2. Garnett as primary dime-dropper I enjoy watching this team so much more when most everything runs through KG. That's because Garnett not only makes the best decisions on the ballclub, but most every other element of his game is elevated when he is getting mucho touches as the waystation of the half-court setup. Take tonight's line: 20 points (on 6-15 FG and 8-11 FT), 7 assists, 13 rebounds, 3 steals, 5 blocks, 6 fouls (he was DQ'd with 1:10 left)and 4 turnovers. By comparison, Ricky Davis had 18 shots and but four assists (and played better, but not good, defense), and, like Mike James, frequently went to the hole for his points. Davis is capable of beautiful passes and bunches of assists, but he doesn't think like a point guard, in terms of keeping everybody involved and regulating the passing tempo at a pleasingly, almost hynotically, metronomic clip the way Garnett does it when he's on and in control.

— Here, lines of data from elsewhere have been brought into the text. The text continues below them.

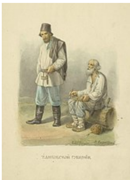
Фёдор Солнцев . Мужчины Тамбовской губернии -

98,6 % населения православные, 0,7 % магометане , 0,6 % сектанты (главным образом — молокане ). 98 % крестьян, 0,5 % дворян потомственных и личных, 0,5 % городских сословий. Во всем постоянном населении приходится на 1000 мужчин по 1041 женщин, собственно в городском наличном населении — на 1000 мужчин по 976 женщин.
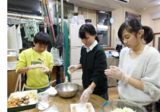
「ひがじ食堂」で ちゃんこ鍋
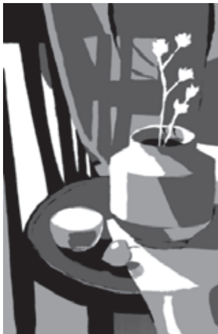
تصویر ۱۳-۱- اجرای کار با سطوح تفکیک شده سیاه و سفید و دو خاکستری مابین

یکی از طرحهای خطی خود را که به روی مقوا کپی برداری کرده‌اید انتخاب کنید و به کمک این چهاررنگ، (یعنی سیاه و سفید و دو خاکستری مابین) رنگ‌آمیزی نمایید به گونه‌ای که میان آنها تعادل برقرار باشد. استفاده از تعداد بیشتری از خاکستریها در حجم‌نمایی و ایجاد فضای سه بعدی، شما را یاری می‌کند (تصویر ۱۳-۱).
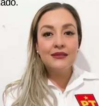
Atacan a otra alcaldesa

Vuelve a quedar en evidencia que Michoacán atraviesa uno de los periodos más violentos de su historia reciente. Entre junio de 2024 y lo que va de 2025, el estado ha experimentado una escalada en homicidios dolosos y ataques directos contra funcionarios públicos, dejando un saldo fatal entre alcaldes, exfuncionarios y dirigentes políticos, en medio del avance del crimen organizado.
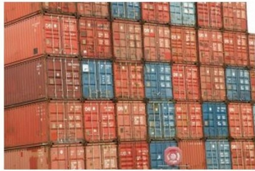
Arms Trade Highlights: August - September 2015

Tonight was the first time all year I've really seen him in that vintage mode. Oh, and in the 4th quarter he scored 11 points (next highest Wolf had 3)and led the team in boards, blocks and (tied) assists, plus executed a layup and a pretty assist immediately after the only two occasions after the first quarter that Portland cut the lead to single digits. In the locker room, he went out of his way to praise James, Davis, and Casey, the former two for being aggressive and the latter for utilizing his mismatches on Magloire (out on the perimeter) and rookie LaMarcus Aldridge (down in the paint).

3. A few quick hits Mark Madsen returned from injury for his first minutes of the season and quickly ascended over Griffin and Craig Smith as Blount's primary backup on the strength of his able jousting with Zach Randolph and others down low. Front line players should enjoy playign with Mad Dog, who (1)boxes out well and (2)contests for loose rebounds, (1)giving his teammates space and lanes to grab boards and (2) opportunities to belatedly join the scrum or have a ball bounce into their hands.

Nate McMillan gave Minnesota a gift with an extended rest of Randolph in the 4th period. Otherwise, KG might have fouled out sooner and Madsen would have been even more spent from his return to action.

When Blount was bowled over in the fourth quarter, KG ran from midcourt down to the paint to help him up. You can name the superstars on one hand who would do that for a teammate.

Great rebounding and the Wolves' "flow" offense remains a chicken-or-the-egg conundrum. Tonight they owned the glass, 14-3, and the scoreboard, 20-5 two-thirds of the way through the first period.

Casey said in the postgame press conference that the team emphasized ball movement and penetration, running drills that discouraged dribbling. It showed.

Finally, I will be heading out to celebrate my father's 80th birthday for a week on the east coast and will thus miss the next five Timberwolves games. Anyone interested in trying their hand at a trey after any of these tilts? If so, mention it along with your comment (I'll go in and edit it out) and we'll set up some sort of schedule. In case of duplications, frequent posters will get the nod. And, worst case scenario, we'll run open threads or continue comments from previous treys so the forum can continue. I'll have a laptop, but, alas, no TV access or NBA ticket, so anything I say will be flying blind.